そして let me get this straight が整理するのは、相手の説明です。話が入り組んでいる、あるいは辻褄が合わない。その乱れを並べ直すのだから、整理が必要になった原因は相手の側にある、という前提が言外に置かれます。三つの中でこの表現だけが追及に転びやすいのは、ここに理由があります。
劇中のチョウは、聴取の相手に対して三つ目を選びました。取り調べという場面では、整理の責任を相手側に置くのが自然です。一方で、上司に予定を確認するときに同じ言い方をすると、少し尖って響くことがあります。その場では一つ目や二つ目のほうが収まりがよくなります。
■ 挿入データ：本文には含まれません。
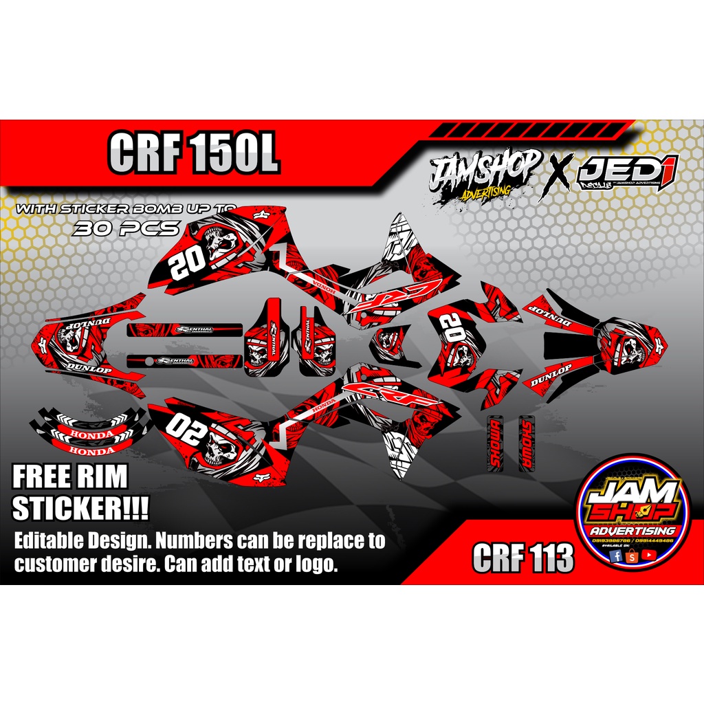 CRF 150L Honda Full Set Decals w/ FREE RIM STICKER Batch 2
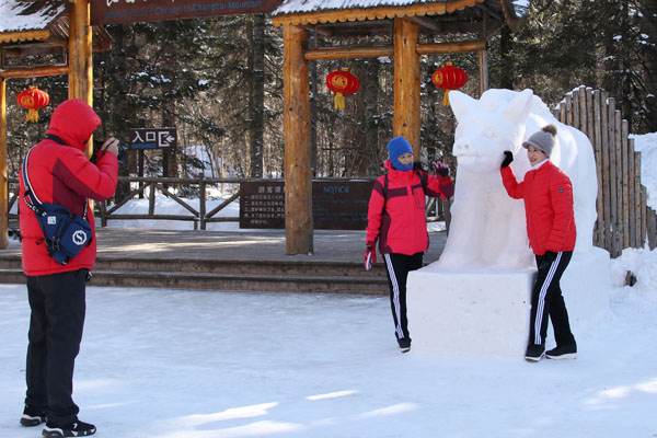 雪娃鬧春、福祿雙全、“豬”運(yùn)亨通、花鼠送福等造型各異的雪雕作品,吸引眾多游客前來游玩,拍照合影。這些雪雕作品全部由公司員工自行設(shè)計(jì)并制作而成,他們起早貪黑,頂風(fēng)冒雪,短短半月時(shí)間就打造出數(shù)種雪雕作品,不僅豐富和活躍了長(zhǎng)白山冬季旅游,更為景區(qū)增添一抹亮麗的冰雪色彩。

同じ確認でも、誰の言葉を整えるのか。そこを意識すると、三つの入口は自然と選び分けられるようになります。
まとめ|散らばった話を、一列に
let me get this straight は、入り組んだ話を自分の言葉で並べ直し、相手に突き合わせる前置きでした。straight という語が持つ乱れのなさが、そのまま表現の機能になっています。
会議で変更点をそろえるとき、聞いた話の辻褄が合わないとき、あるいは相手の言い分をあえて復唱してみせたいとき。語尾を疑問形にするか言い切るかで、確認にも追及にも姿を変えます。
乱闘の現場を名前と役割に分けて並べ直したチョウと、その束を横から崩していったジェーン。整理という仕事がどれだけ骨の折れるものか、静かに伝わってくる場面でした。